═════ Supplied material ═════

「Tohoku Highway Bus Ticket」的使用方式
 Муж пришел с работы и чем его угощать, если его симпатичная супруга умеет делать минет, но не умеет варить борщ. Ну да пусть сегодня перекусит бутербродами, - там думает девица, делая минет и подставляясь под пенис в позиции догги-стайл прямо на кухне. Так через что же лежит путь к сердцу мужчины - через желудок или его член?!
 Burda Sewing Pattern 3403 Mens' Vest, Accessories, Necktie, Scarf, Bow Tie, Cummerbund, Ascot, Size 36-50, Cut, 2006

═════
═════ Supplied material ═════

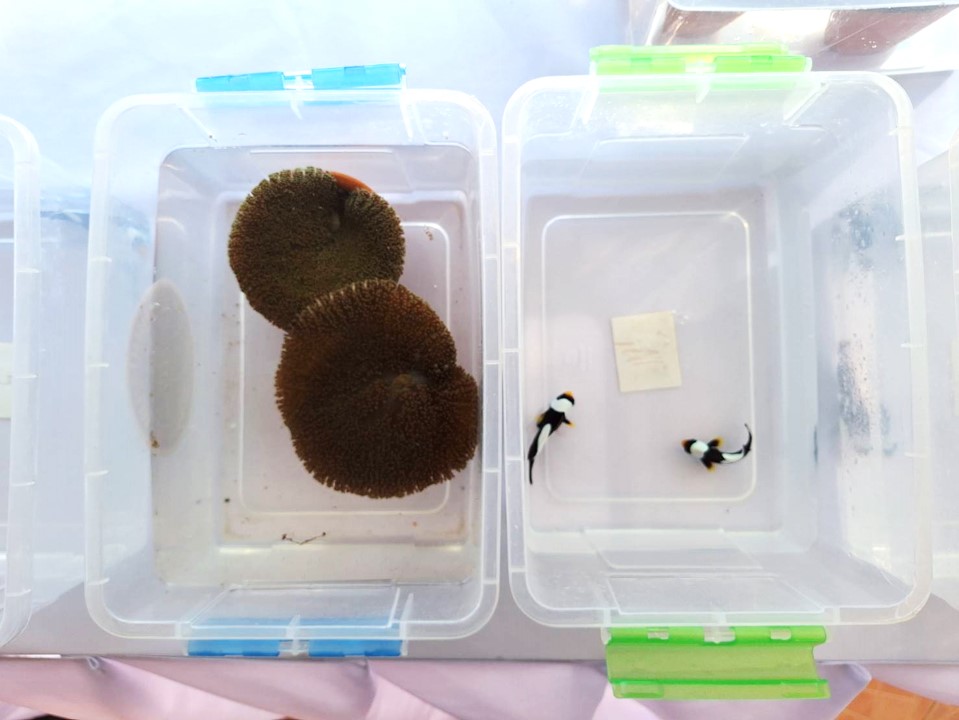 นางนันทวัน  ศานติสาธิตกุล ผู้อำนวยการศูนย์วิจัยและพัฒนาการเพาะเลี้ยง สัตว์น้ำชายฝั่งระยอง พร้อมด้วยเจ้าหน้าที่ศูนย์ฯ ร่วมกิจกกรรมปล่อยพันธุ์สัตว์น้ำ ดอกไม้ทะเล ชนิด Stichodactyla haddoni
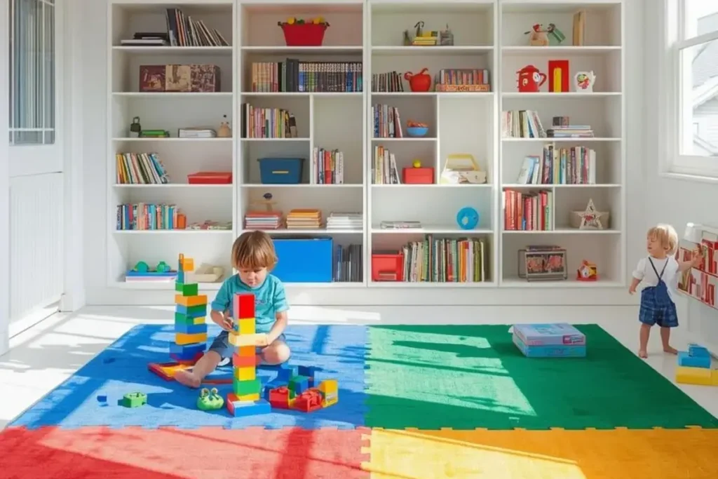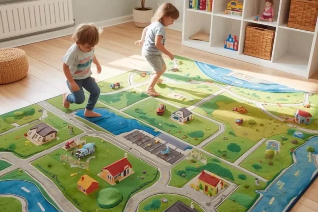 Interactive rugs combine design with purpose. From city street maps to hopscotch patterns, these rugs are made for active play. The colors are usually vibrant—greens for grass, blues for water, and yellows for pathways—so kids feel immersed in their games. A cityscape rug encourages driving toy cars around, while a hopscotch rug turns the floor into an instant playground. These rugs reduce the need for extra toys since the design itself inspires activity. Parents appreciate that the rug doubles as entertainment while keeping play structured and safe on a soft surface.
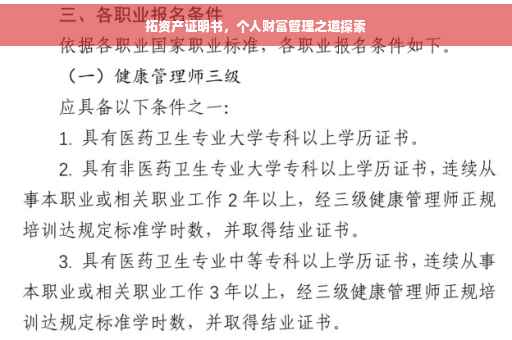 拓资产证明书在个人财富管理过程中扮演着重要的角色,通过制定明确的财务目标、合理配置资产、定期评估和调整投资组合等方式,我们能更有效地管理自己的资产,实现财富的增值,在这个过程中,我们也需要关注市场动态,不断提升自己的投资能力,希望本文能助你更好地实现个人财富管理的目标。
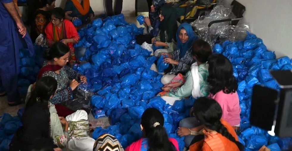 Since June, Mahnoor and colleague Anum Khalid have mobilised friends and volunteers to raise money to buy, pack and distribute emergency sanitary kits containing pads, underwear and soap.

═════
═════ Supplied material ═════

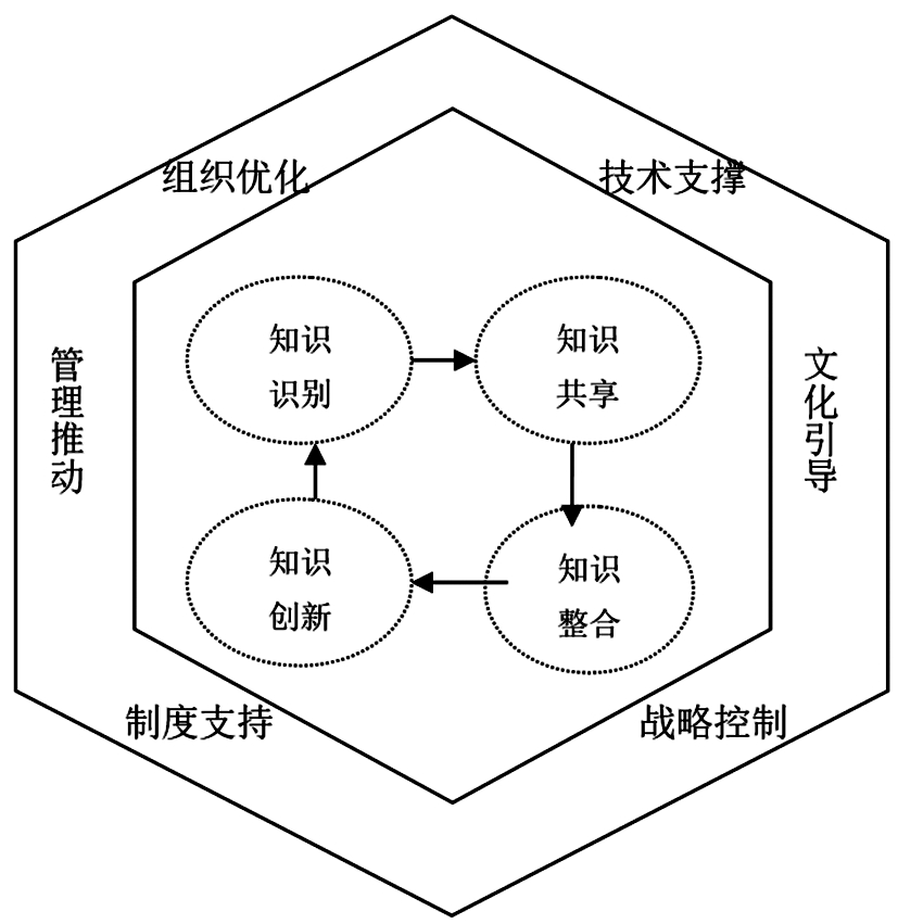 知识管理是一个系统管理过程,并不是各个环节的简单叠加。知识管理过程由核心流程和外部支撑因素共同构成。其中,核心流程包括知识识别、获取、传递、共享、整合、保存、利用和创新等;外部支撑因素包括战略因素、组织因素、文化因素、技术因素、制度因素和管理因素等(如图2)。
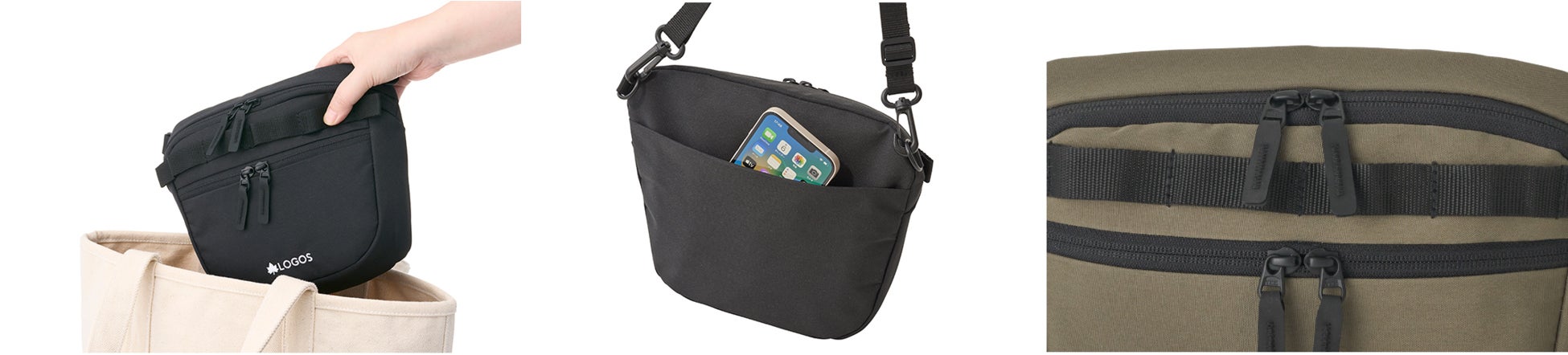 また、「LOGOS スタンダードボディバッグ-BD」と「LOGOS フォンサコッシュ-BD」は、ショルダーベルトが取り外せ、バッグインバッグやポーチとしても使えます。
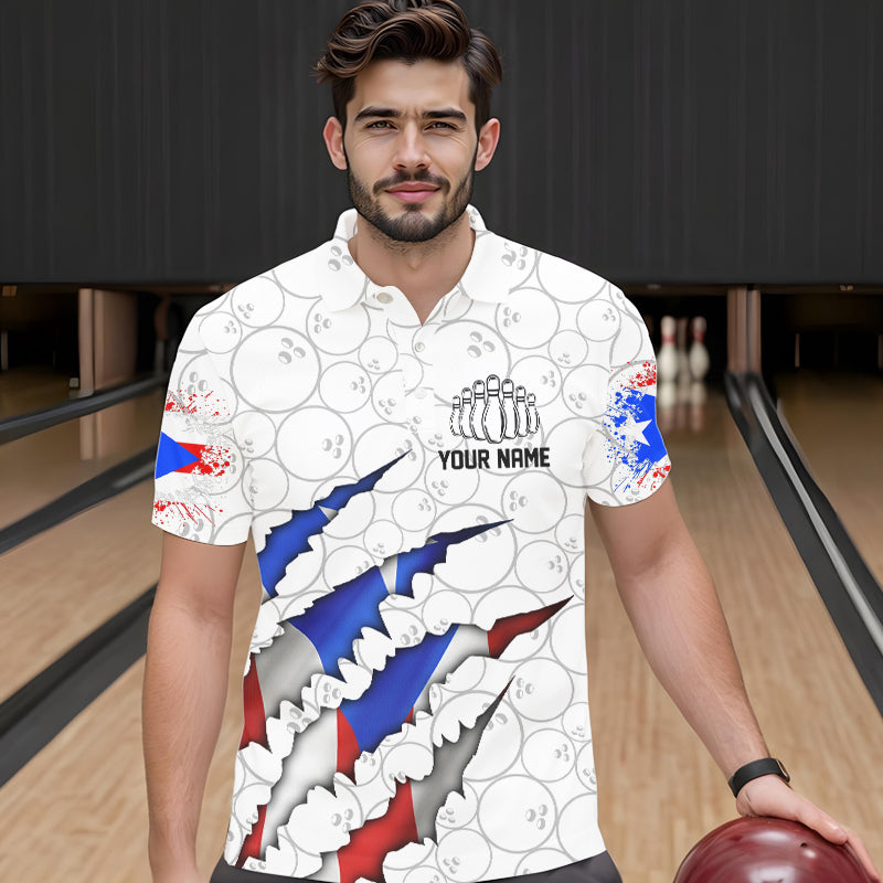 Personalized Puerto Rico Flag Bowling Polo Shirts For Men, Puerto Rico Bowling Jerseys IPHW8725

═════

Task goal:
Nothing but the lines from the one with "拓资产证明书在个人财富管理过" to the one with "Since June, Mahnoor" above, both included, should be transcribed, exactly and without pictures.

Final answer:
 拓资产证明书在个人财富管理过程中扮演着重要的角色,通过制定明确的财务目标、合理配置资产、定期评估和调整投资组合等方式,我们能更有效地管理自己的资产,实现财富的增值,在这个过程中,我们也需要关注市场动态,不断提升自己的投资能力,希望本文能助你更好地实现个人财富管理的目标。
 Since June, Mahnoor and colleague Anum Khalid have mobilised friends and volunteers to raise money to buy, pack and distribute emergency sanitary kits containing pads, underwear and soap.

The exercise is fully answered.